Nothing is 100% perfect. HaHa, Dream On. That was great service.


----------



## NiteWalker

I agree for the most part, though I went with the mini-mite 4 and some accessories and spent just under $900.
I'm extremely happy with mine now. It sprays beautifully and reliably.

The problem you had is likely due to heat buildup.
The Super and Q4 series relief valve is set to blow the air back into the case when the trigger on the gun isn;t pulled. The mini-mite 4 doesn't have as much of an issue with this because of the big vents on the back and the short distance the air has to travel.

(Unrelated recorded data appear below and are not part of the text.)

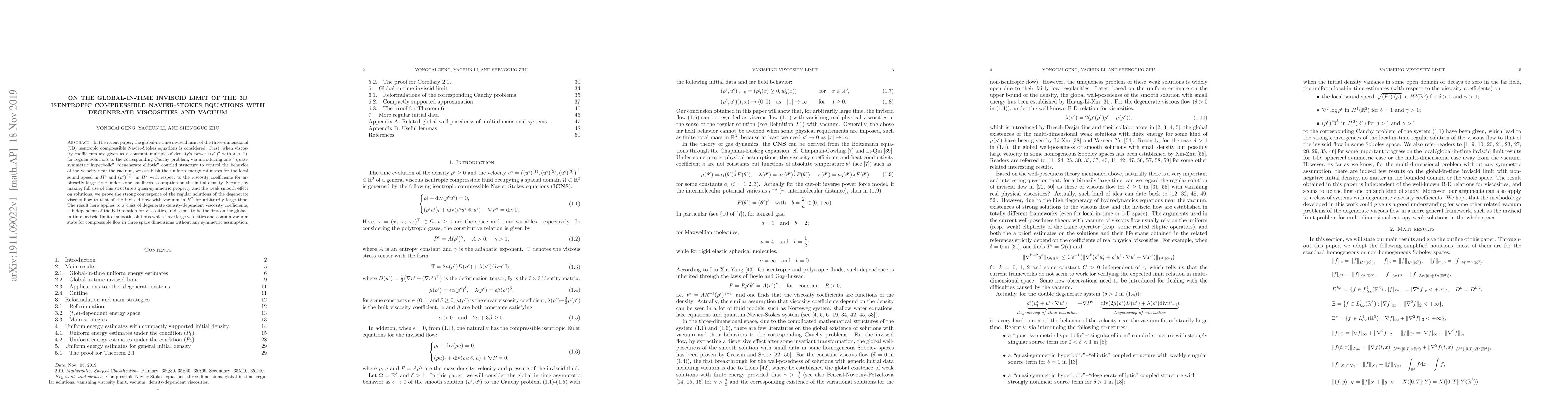 In the recent paper, the global-in-time inviscid limit of the three-dimensional (3D) isentropic compressible Navier-Stokes equations is considered. First, when viscosity coefficients are given as a constant multiple of density's power ($(\rho^\epsilon)^\delta$ with $\delta>1$), for regular solutions to the corresponding Cauchy problem, via introducing one "quasi-symmetric hyperbolic"--"degenerate elliptic" coupled structure to control the behavior of the velocity near the vacuum, we establish the uniform energy estimates for the local sound speed in $H^3$ and $(\rho^\epsilon)^{\frac{\delta-1}{2}}$ in $H^2$ with respect to the viscosity coefficients for arbitrarily large time under some smallness assumption on the initial density. Second, by making full use of this structure's quasi-symmetric property and the weak smooth effect on solutions, we prove the strong convergence of the regular solutions of the degenerate viscous flow to that of the inviscid flow with vacuum in $H^2$ for arbitrarily large time. The result here applies to a class of degenerate density-dependent viscosity coefficients, is independent of the B-D relation for viscosities, and seems to be the first on the global-in-time inviscid limit of smooth solutions which have large velocities and contain vacuum state for compressible flow in three space dimensions without any symmetric assumption.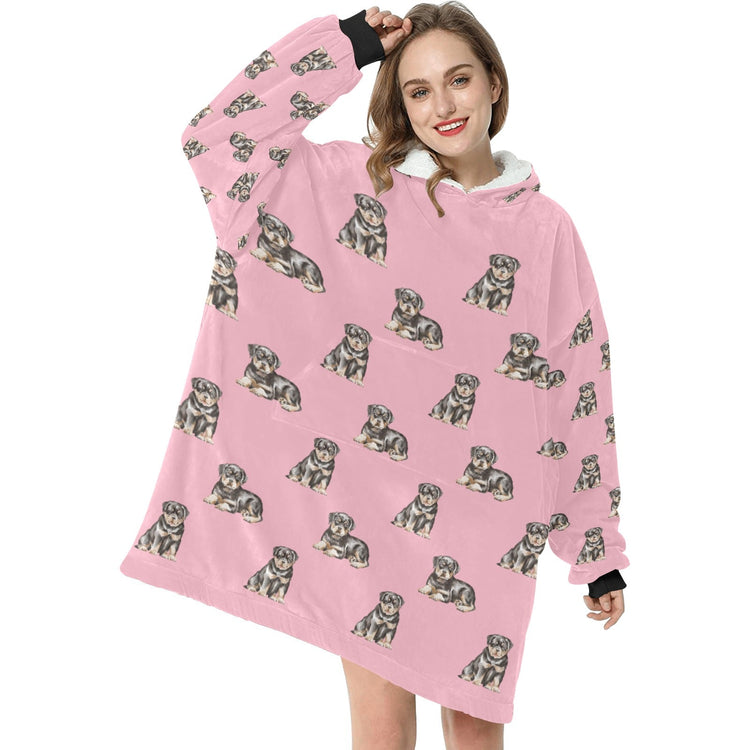 Watercolor Charm Rottweiler Puppies Blanket Hoodie-Blanket-Apparel, Blanket Hoodie, Blankets, Dog Mom Gifts, Rottweiler-Light Pink-ONE SIZE-8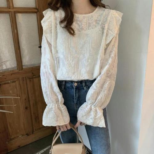 [끌레아]여성 러블리 레이스 자수 블라우스 큐티룩 화이트셔츠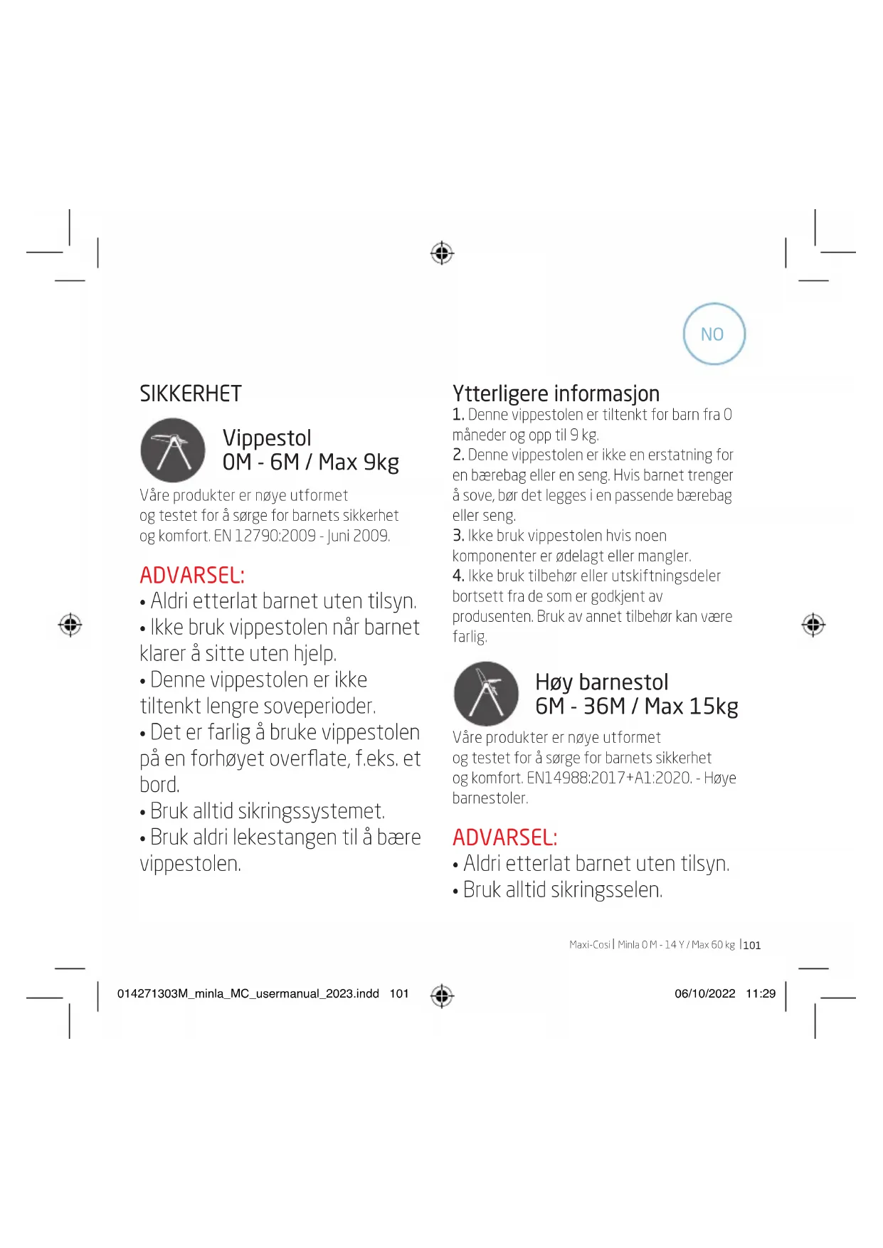 bortsett fra de som er godkjent av produsenten. Bruk av annet tilbehør kan være farlig. Høy barnestol 6M - 36M / Max 15kg Våre produkter er nøye utformet og testet for å sørge for barnets sikkerhet og komfort. EN14988:2017+A1:2020. - Høye barnestoler. ADVARSEL: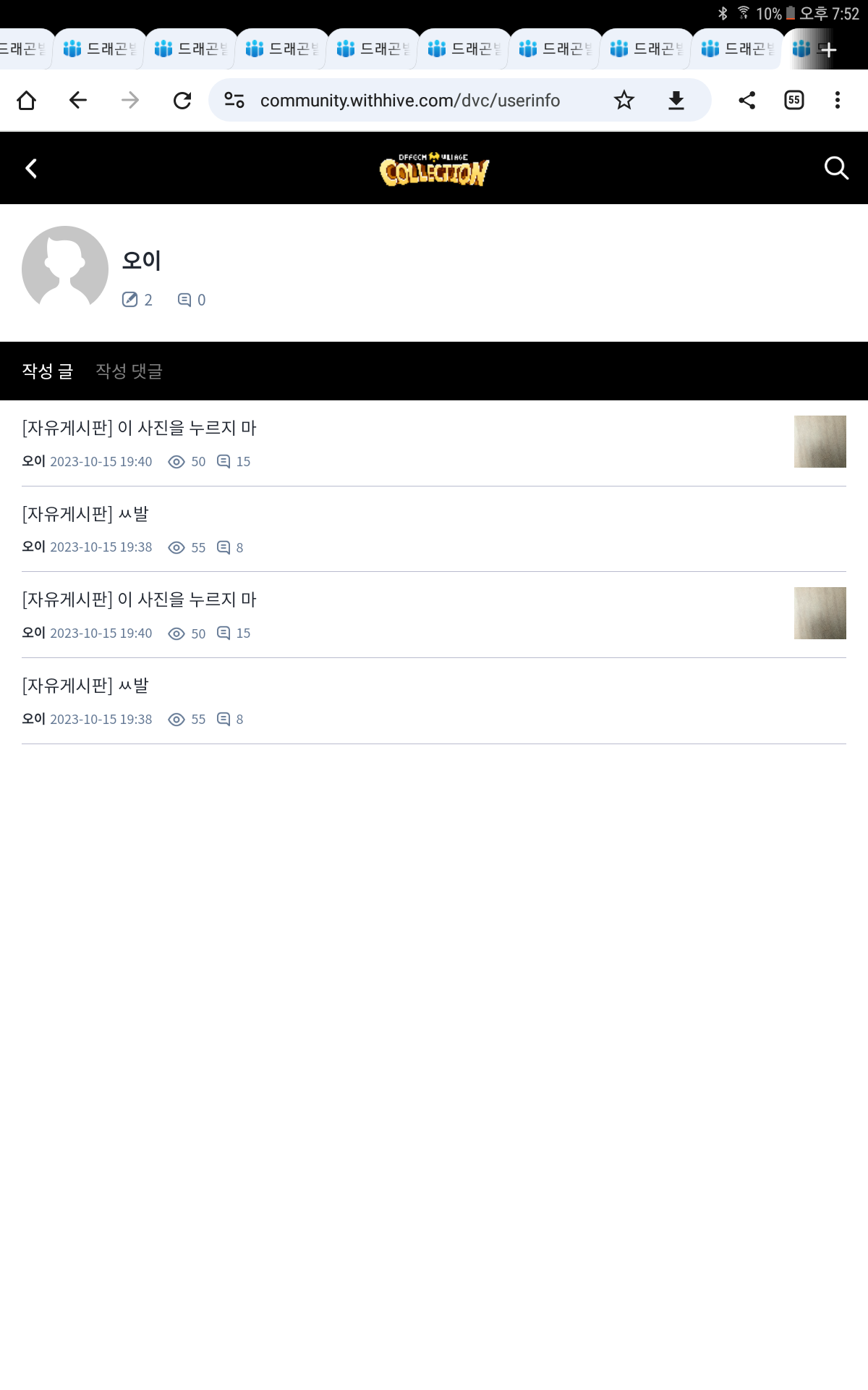 작성 글 작성 댓글을 서로 번갈아가며 빠르게 누르면 이렇게 글이 복사가 되네요.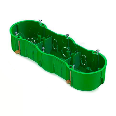 • Коробка установочная 3-местная для полых стен (с саморезами и метал.лапками) 212х70х45мм, IP20 / зеленый IEK КМ40024

I agree with fuji service being top shelf. Every time I've contacted them they have been extremely helpful and courteous.


----------



## wbrisett

I have the older black version of the QT4, never had to call CS, or do much except replace a few minor parts due to wear and tear. I've never sprayed latex, but have often thought about it. What size nozzle did you use? (I've got a set of 3 different sizes, but tend to use only one).


----------



## donburkard

With latex I use the tip it came with. The 4 I think. I thin the crap out of it with water and a splash or two of flotrol. It has a lot of overspray but gives a nice finish. Super flat. I'm the same way with the tips. I have them but usually only use the 1. I usually just dial the gun in around the nozel I'm using.

As for the rest of you who say 1000 dollars it shouldn't break. Yes. I agree. 100%. HOWEVER, things break! Nothing is 100% perfect 100% of the time. I've seen a brand new pm 66 catch on fire within a year of use and a brand new high quality Japanese chisel delaminate in a few months of normal ware. Things happen. For me, if the product is solid that's what's important. If it's a great product and it breaks, That's a problem but if the customer service is top notch and take care of it right away, that's why it gets all the stars. I promised you if you call lie-Nielsen and order 100 planes, hand them to 100 people and come back in a year, at least one of those people is gonna say the thing fell apart in 3 months. It happens. How the company handles it is more important to me. Read other reviews of Fuji products. That will tell you the product is solid, I just happen to come across a fluke. If the thing didn't break I would have givin it 5 stars for my usage. It worked really well. It did break so I would drop two stars but add those two stars right back simply for customer service.


----------